Hail, Caesar!
Goals
The goals of this part of the assignment are to practice using functions, arrays, and strings in Java, as well as to learn about the field of cryptography. The specific goals are:
- To write and use functions, and to understand the use of helper functions
- Use and manipulate arrays
- Learn about String manipulation and ASCII encoding
- To become acquainted with cryptography
At the end of the assignment, you will have a program that can encrypt, decrypt, and crack the Caesar cipher!
Background
Cryptography is the study of secure communications and secret codes. It helps you, say, send a secret message across enemy lines, knowing that even if the message is intercepted, it could not be read. People have been using ciphers (encrypted messages) for thousands of years, but only in the last century have computers come into the field. One of the oldest ways to hide a message is to use a substitution cipher. One classic example of a substitution cipher is the Caesar cipher, named after the first recorded (and most famous) user, Julius Caesar. If you’d like to learn more about the Caesar cipher, you can check out the wikipedia page to read about its history and usage.
Julius Caesar
Understanding the Problem
The Caesar cipher is a basic encryption technique where all letters in a message are shifted down the alphabet by a certain number (determined by the key). In order to encrypt or decrypt a message, you will need a secret key that should, in practice, be hard to find if you don’t already know it. In the Caesar cipher, the key is the number of places to shift each character. This number could be specified numerically (e.g., 4) or it could be specified as a character (e.g., ‘E’ – which is 4 places over from ‘A’). For simplicity, we typically convert the entire message to uppercase, and may omit punctuation.
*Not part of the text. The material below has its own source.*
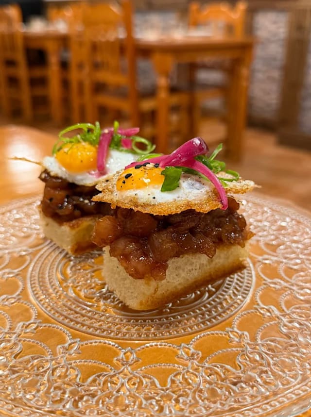 - Tartar de atún con aceite de trufa blanca, huevo de codorniz sobre un brioche.
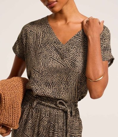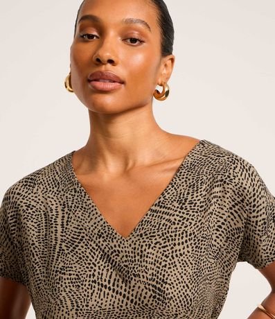 Blusa de mangas curtas, confeccionado em viscose, com decote V e estamparia abstrata com formatos de pingos. Este produto possui viscose certificada em sua composição, sendo ambientalmente mais responsável.

For instance, consider the message (and famous Julius Caesar quote): “CAESAR’S WIFE MUST BE ABOVE SUSPICION” and the key “E”, which says to change each letter in the message to the letter four places to the right in the alphabet. For example, ‘C’ becomes ‘G’, ‘A’ becomes ‘E’, etc. Note the letter ‘W’ in “WIFE”, when shifted four down, goes beyond ‘Z’. This is handled by wrapping back to the front of the alphabet, and so ‘W’ becomes ‘A’.
In total, the message becomes: GEIWEV’W AMJI QYWX FI EFSZI WYWTMGMSR
Program Requirements
By the end of this assignment, you will have a Caesar.java
program which takes in command line arguments that will tell it whether to:
- Encrypt a message using a particular key
- Decrypt a message using a particular key, or
- Crack an encrypted message, giving us back the secret key
The message will be stored in a file, which will be read by the program.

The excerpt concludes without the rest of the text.